• WORK INSTRUCTION:
Without the pictures, print the lines from the one holding "設計理念: 耀華玻璃董事長辦" through the last line below, both included, exactly as they stand.

• SUPPLIED DATA:

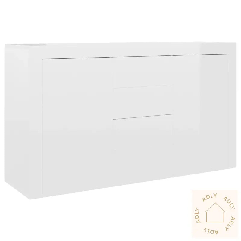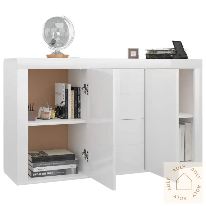 Farge: høyglans hvitMateriale: konstruert treMål: 120 x 36 x 69 cm (B x D x H)Med 2 dører og 4 skufferMontering kreves: jaADVARSEL: For å forhindre at produktet velter, må medfølgende festemidler for vegg brukes.
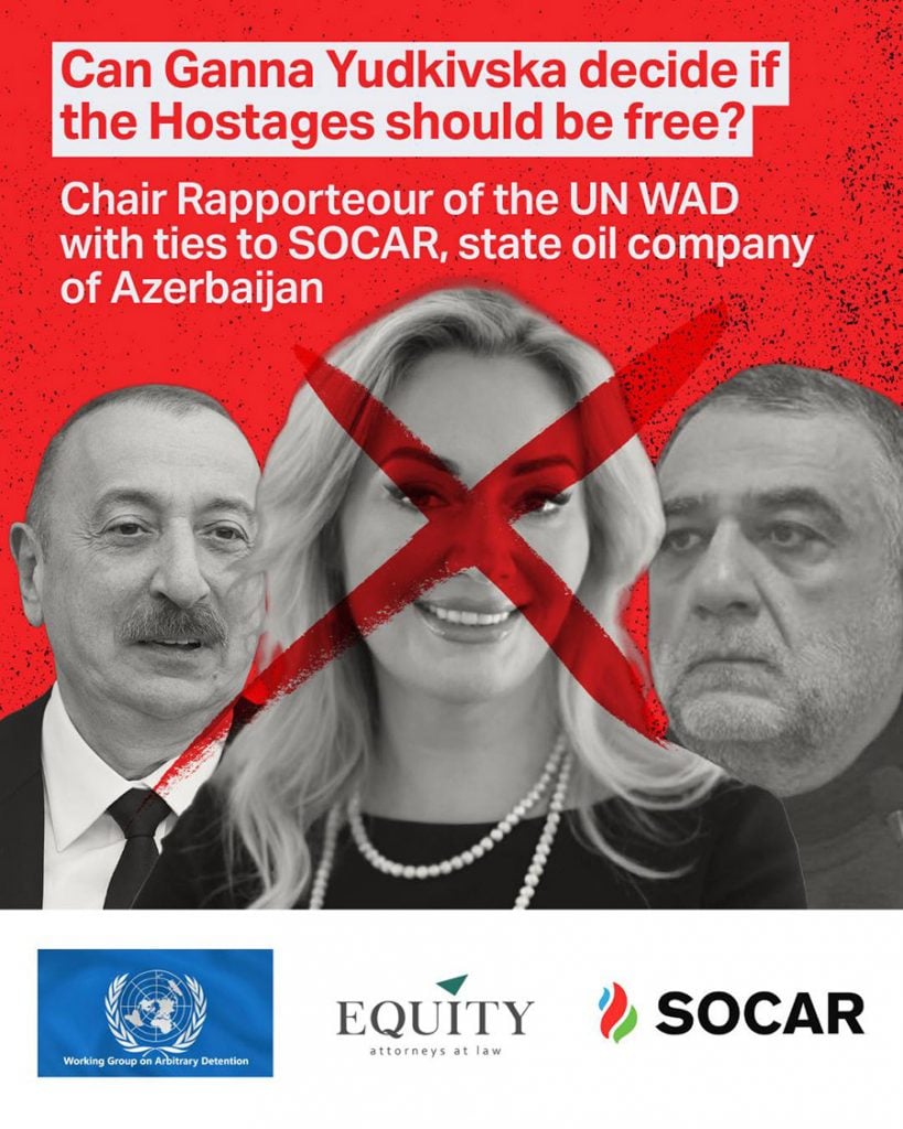 Ganna Yudkivska was appointed to the UNWGAD in October 2022. According to the UN’s rules, her ties to Azerbaijan should have precluded her from being a member of the Working Group in cases connected with Azerbaijan. Her work as a partner at Equity Law Firm establishes a direct financial link between her and the Azerbaijani Government, itself a party to the proceedings in Opinion No. 46/2024 Ruben Vardanyan (v. Azerbaijan).
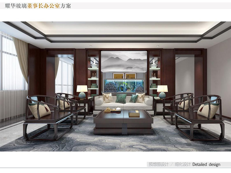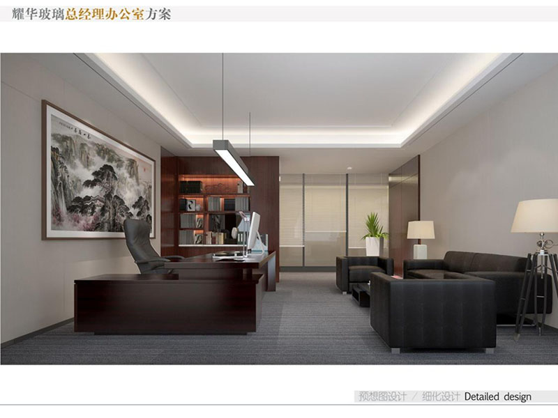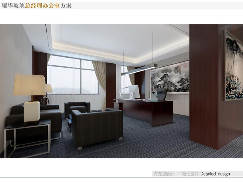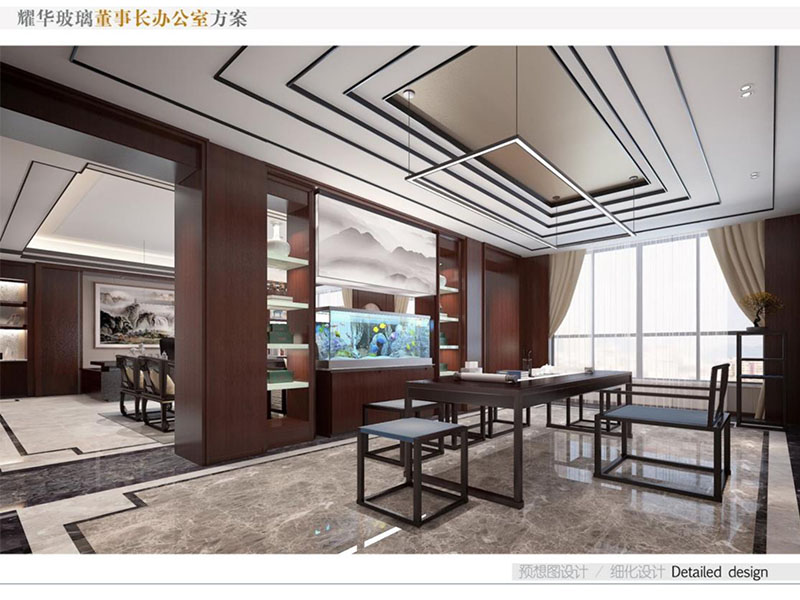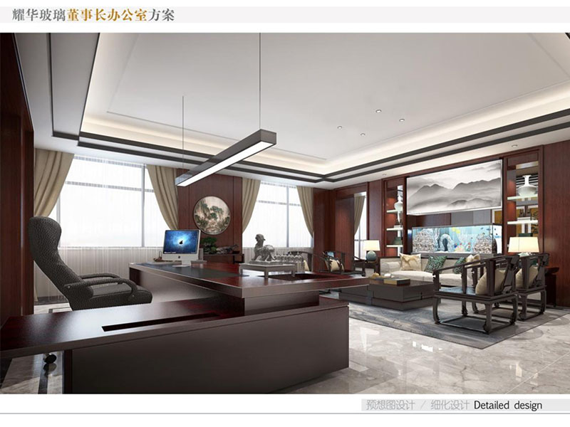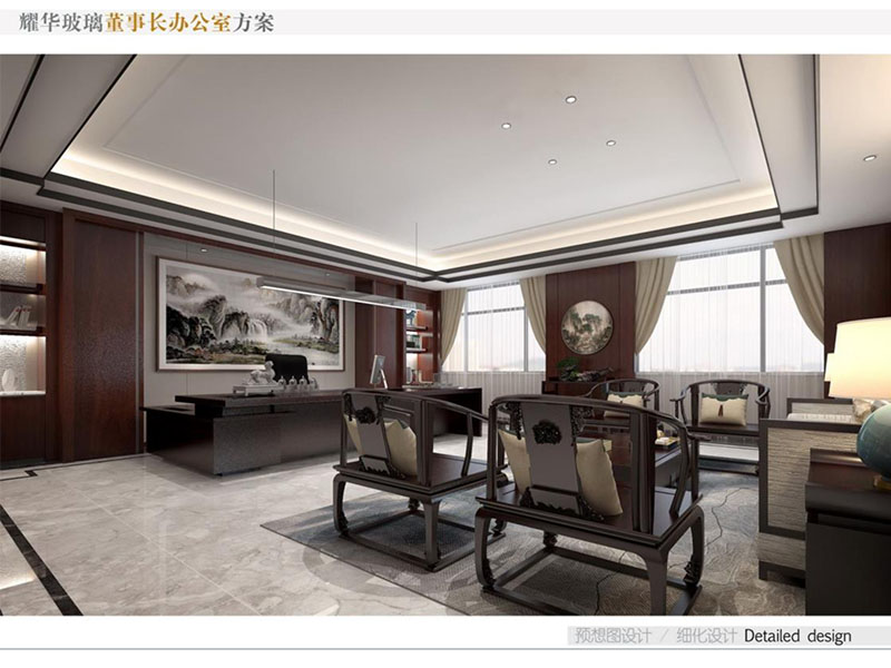 設計理念: 耀華玻璃董事長辦公室裝修效果圖彰顯出了企業的高端形象。董事長辦公室設計采用了中式風格,運用高質量的木材、優質玻璃等,給辦公室營造出沉穩的氣氛。空間布局合理,既有寬敞的辦公區,也有舒適的接待室和休息區。同時,辦公室內也會融入耀華玻璃的特色元素,如玻璃藝術品或公司標志,體現企業品牌和創新精神。
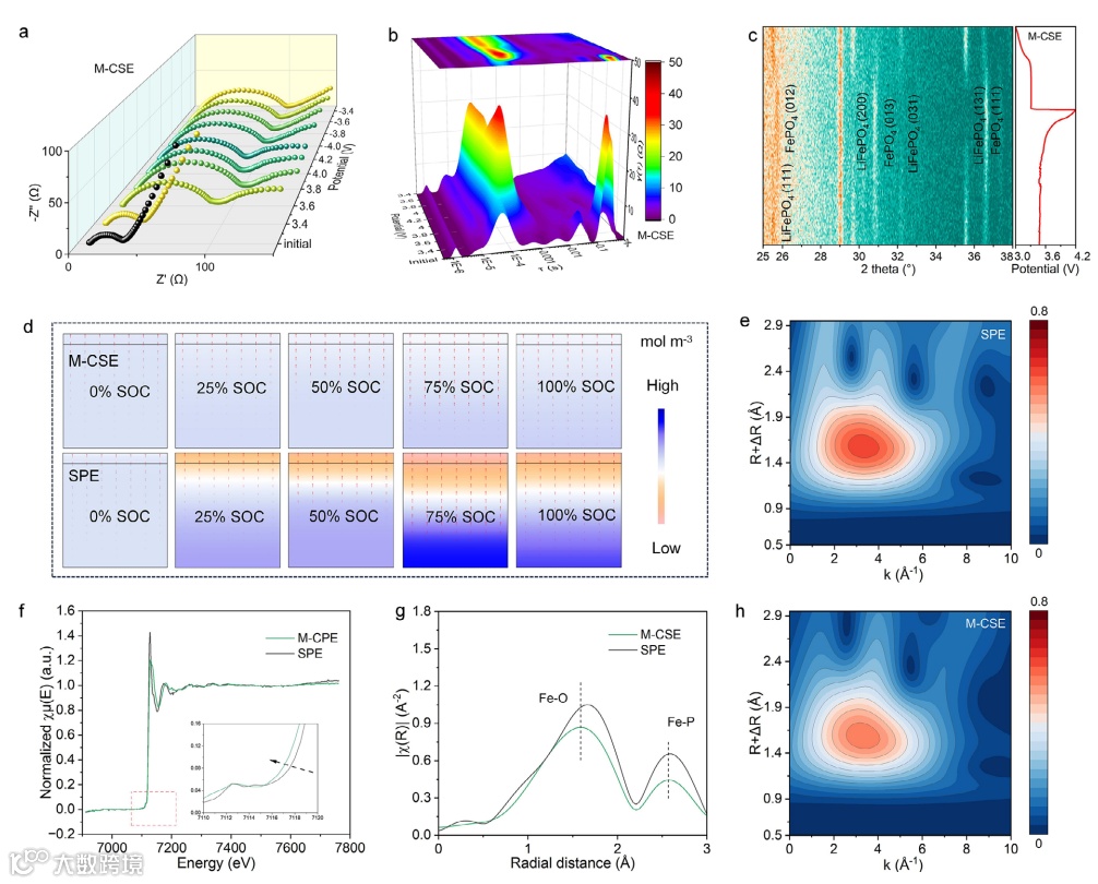 研究利用原位 XRD、原位 EIS 以及同步辐射 X 射线吸收光谱(EXAFS)深入探究了正极侧的演变 。结果表明,M-CSE 体系在循环过程中保持了高度可逆的 LiFePO4/FePO4 相变,且 Li+ 在正极内部的浓度分布均匀(COMSOL模拟验证) 。相比之下,无陷阱的 SPE 体系表现出明显的电压滞后和晶格畸变。这进一步证实了浅离子陷阱策略在维持正极结构完整性和实现快速电荷转移方面的关键作用。

• FINISHED EXERCISE:
 設計理念: 耀華玻璃董事長辦公室裝修效果圖彰顯出了企業的高端形象。董事長辦公室設計采用了中式風格,運用高質量的木材、優質玻璃等,給辦公室營造出沉穩的氣氛。空間布局合理,既有寬敞的辦公區,也有舒適的接待室和休息區。同時,辦公室內也會融入耀華玻璃的特色元素,如玻璃藝術品或公司標志,體現企業品牌和創新精神。
 研究利用原位 XRD、原位 EIS 以及同步辐射 X 射线吸收光谱(EXAFS)深入探究了正极侧的演变 。结果表明,M-CSE 体系在循环过程中保持了高度可逆的 LiFePO4/FePO4 相变,且 Li+ 在正极内部的浓度分布均匀(COMSOL模拟验证) 。相比之下,无陷阱的 SPE 体系表现出明显的电压滞后和晶格畸变。这进一步证实了浅离子陷阱策略在维持正极结构完整性和实现快速电荷转移方面的关键作用。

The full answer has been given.